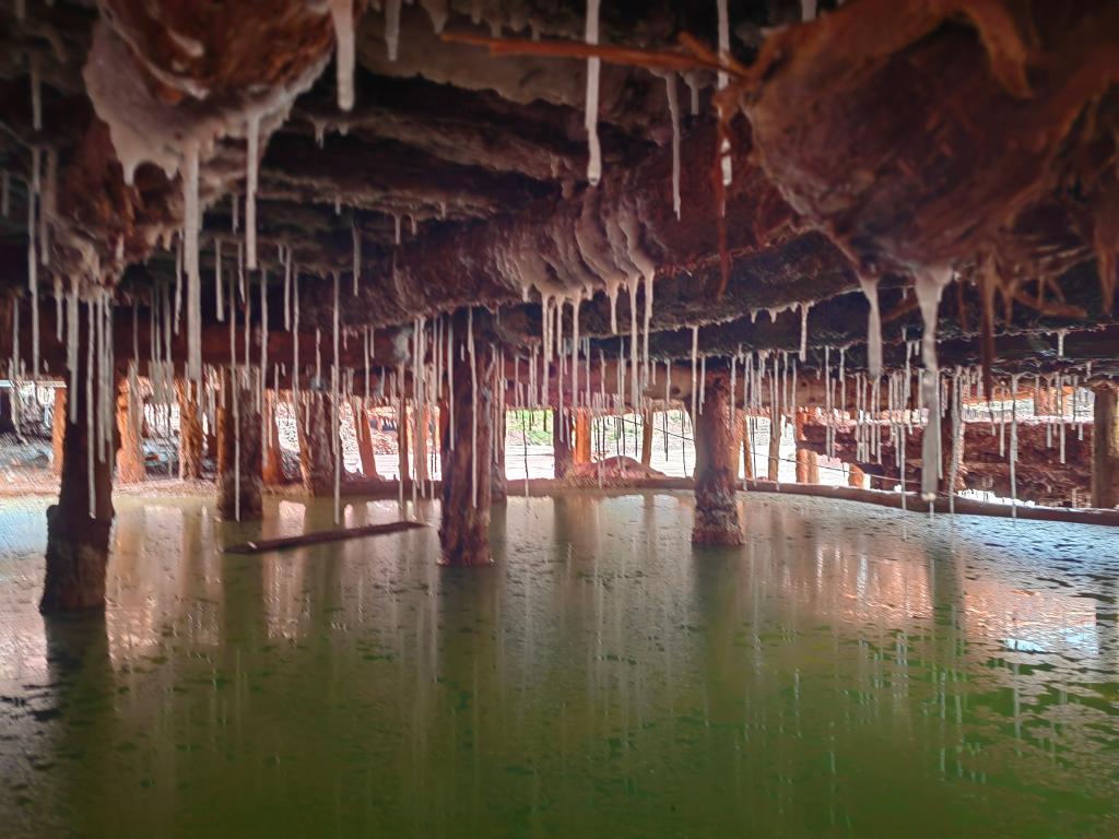 鹽田由多根木柱搭架。新華社記者侯韶婧 攝
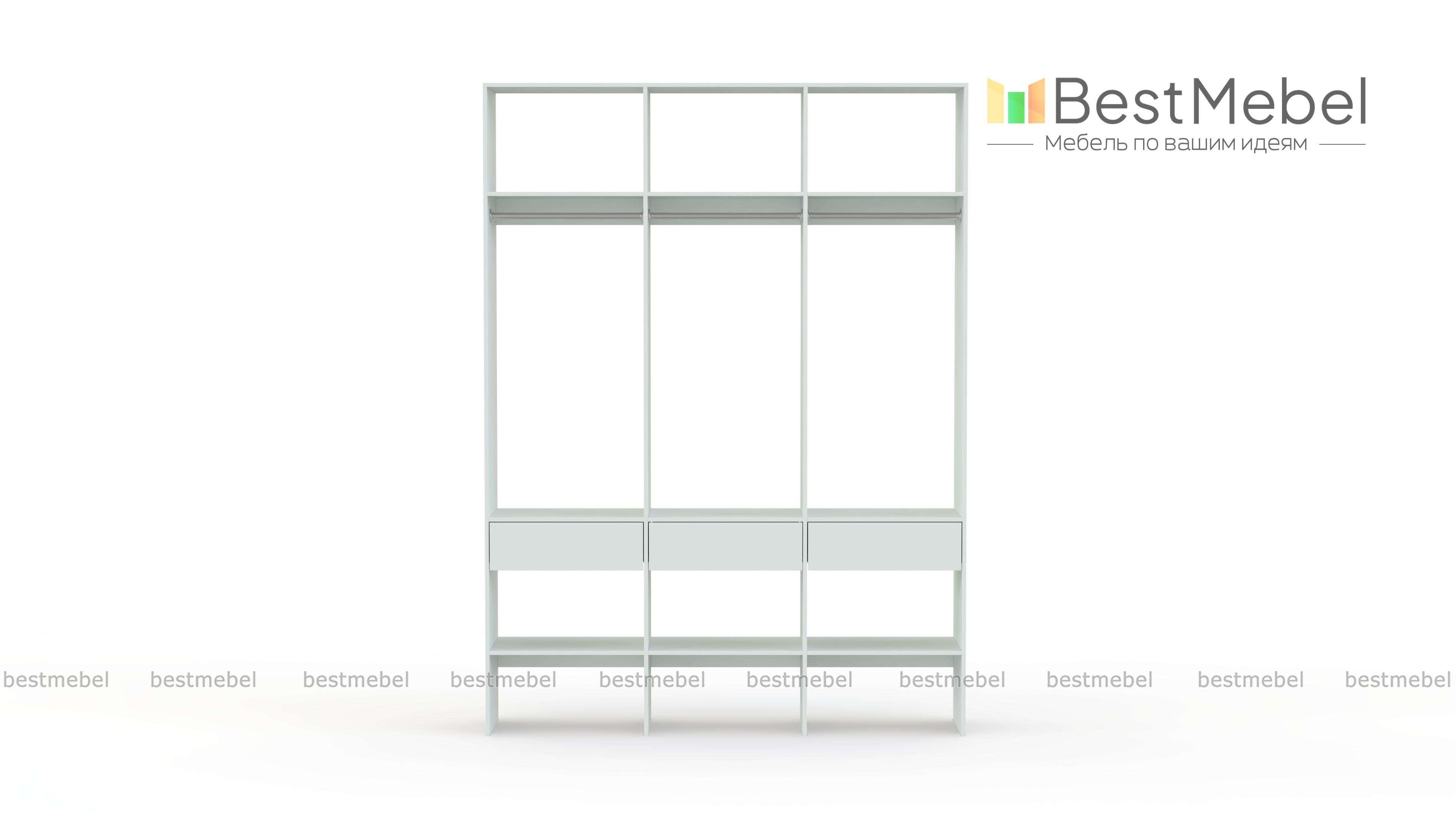 Стеллаж для одежды Мирта 51 BMS — визуально легкая и надежная конструкция из ламинированной ДСП, которую легко вписать в интерьер. Трехсекционный стеллаж прекрасно подходит для современных прихожих и гардеробных. Для вашего удобства три бельевых ящика и обувные полки располагаются снизу, а пространство над штангами занято полками для редко используемых вещей. Купить стеллаж для одежды Мирта 51 BMS вы сможете на сайте нашего интернет-магазина, подобрав цвет и размеры.
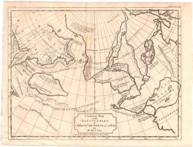 This fascinating map details the discoveries of Tchirikow, Bering, Bernarda, Spanberg and others. The major focus of the map is on Admiral Bartholomew de Fonte's purported exploration of the Pacific Northwest. In 1708, a newly discovered account of the Spanish Admiral's 1640 expedition was published. It was actually a hoax, but thereafter the account was elaborated upon by numerous mapmakers. The extravagant claims included the discovery of the Northwest Passage and a huge Sea of the West, both shown on this map.
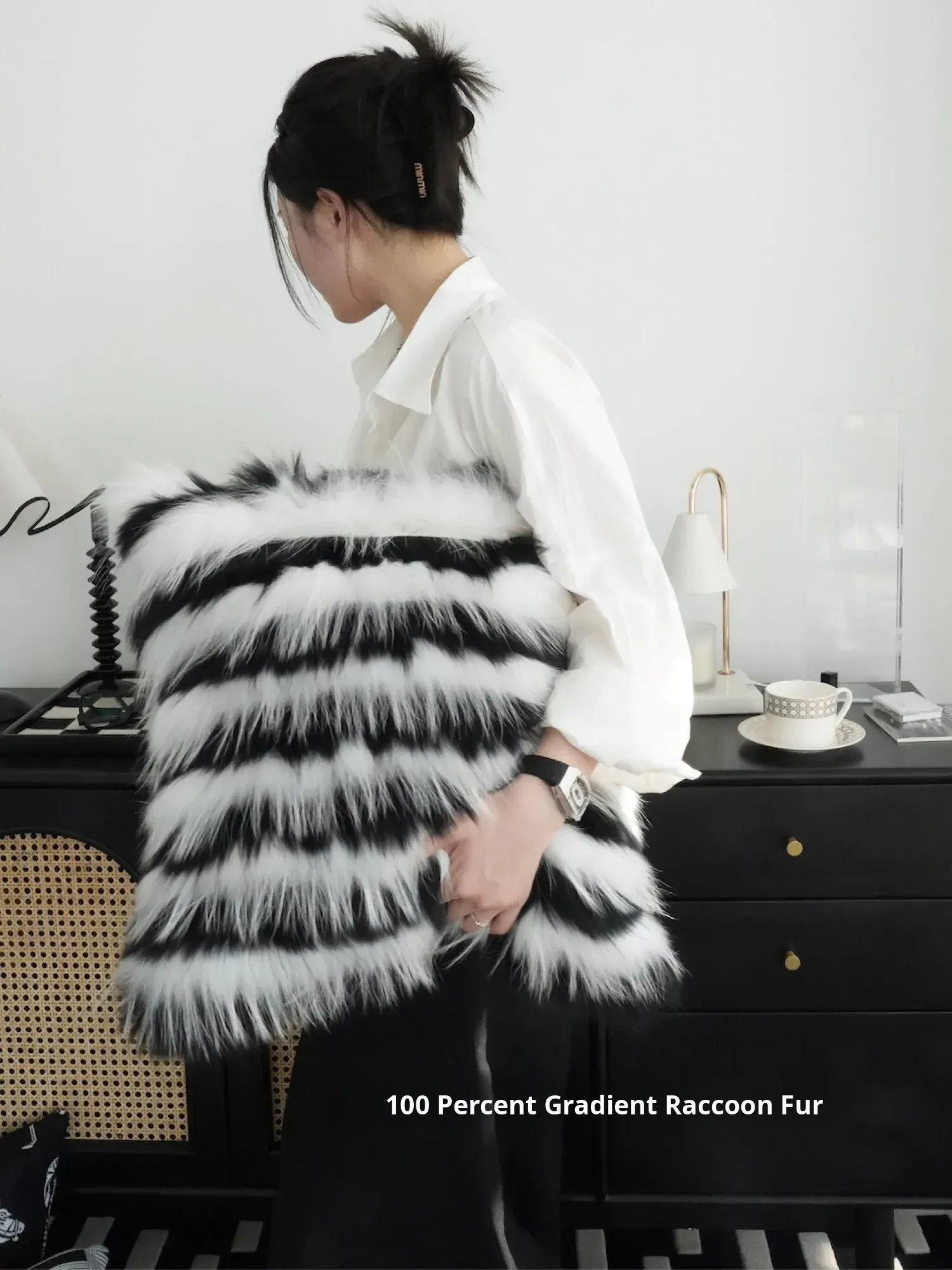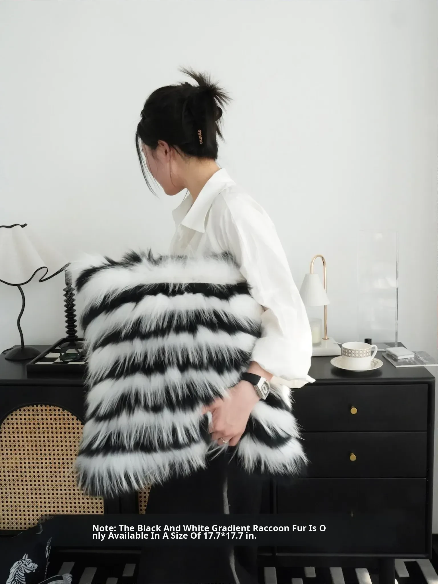[45 * 17.72in black and white gradient raccoon fur]]
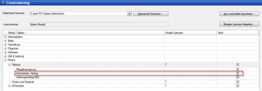 In der Lizenz muss der Administrativvertrag wie auf dem Bild unten aktiviert sein. Dies sollte bei den Lizenzen welche für die eFaktura vorbereitet sind aktiv sein
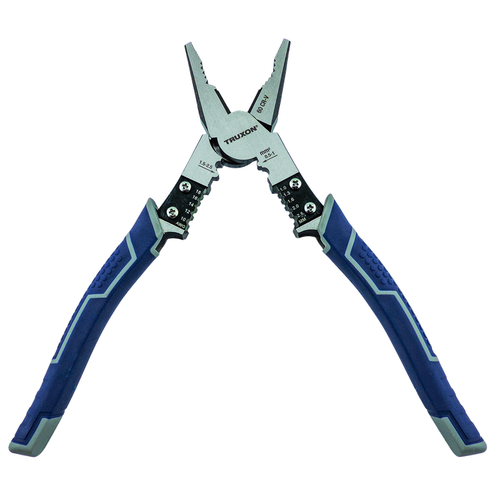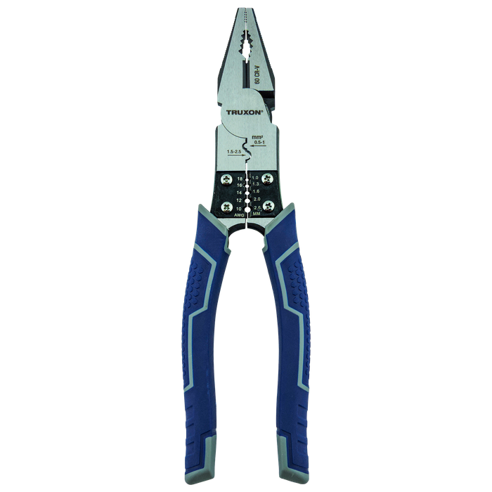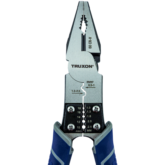 The TRUXON® 215mm Combination Pliers offer high leverage cutting, crimping, stripping, and reaming, all in one tool. Forged from #60 Cr-V steel, they feature heat-treated cutting jaws with a hardness up to 63 HRC and an offset pivot point that reduces user effort by 35 percent. The dual-size crimper handles up to 2.5mm sleeves, while the adjustable wire stripper accommodates sizes from 1.0 to 2.6mm. Offset teeth improve grip and minimise slippage, and the deburring head suits pipes from 10 to 24 millimetres. Slim, ergonomic handles provide a secure and anti-fatigue grip for the user.

EXERCISE REQUIREMENTS
What you give back must be exactly the lines of the listing above from the line containing "[45 * 17.72in" through its last line, inclusive, without pictures, please.

FINISHED EXERCISE
[45 * 17.72in black and white gradient raccoon fur]]
 In der Lizenz muss der Administrativvertrag wie auf dem Bild unten aktiviert sein. Dies sollte bei den Lizenzen welche für die eFaktura vorbereitet sind aktiv sein
 The TRUXON® 215mm Combination Pliers offer high leverage cutting, crimping, stripping, and reaming, all in one tool. Forged from #60 Cr-V steel, they feature heat-treated cutting jaws with a hardness up to 63 HRC and an offset pivot point that reduces user effort by 35 percent. The dual-size crimper handles up to 2.5mm sleeves, while the adjustable wire stripper accommodates sizes from 1.0 to 2.6mm. Offset teeth improve grip and minimise slippage, and the deburring head suits pipes from 10 to 24 millimetres. Slim, ergonomic handles provide a secure and anti-fatigue grip for the user.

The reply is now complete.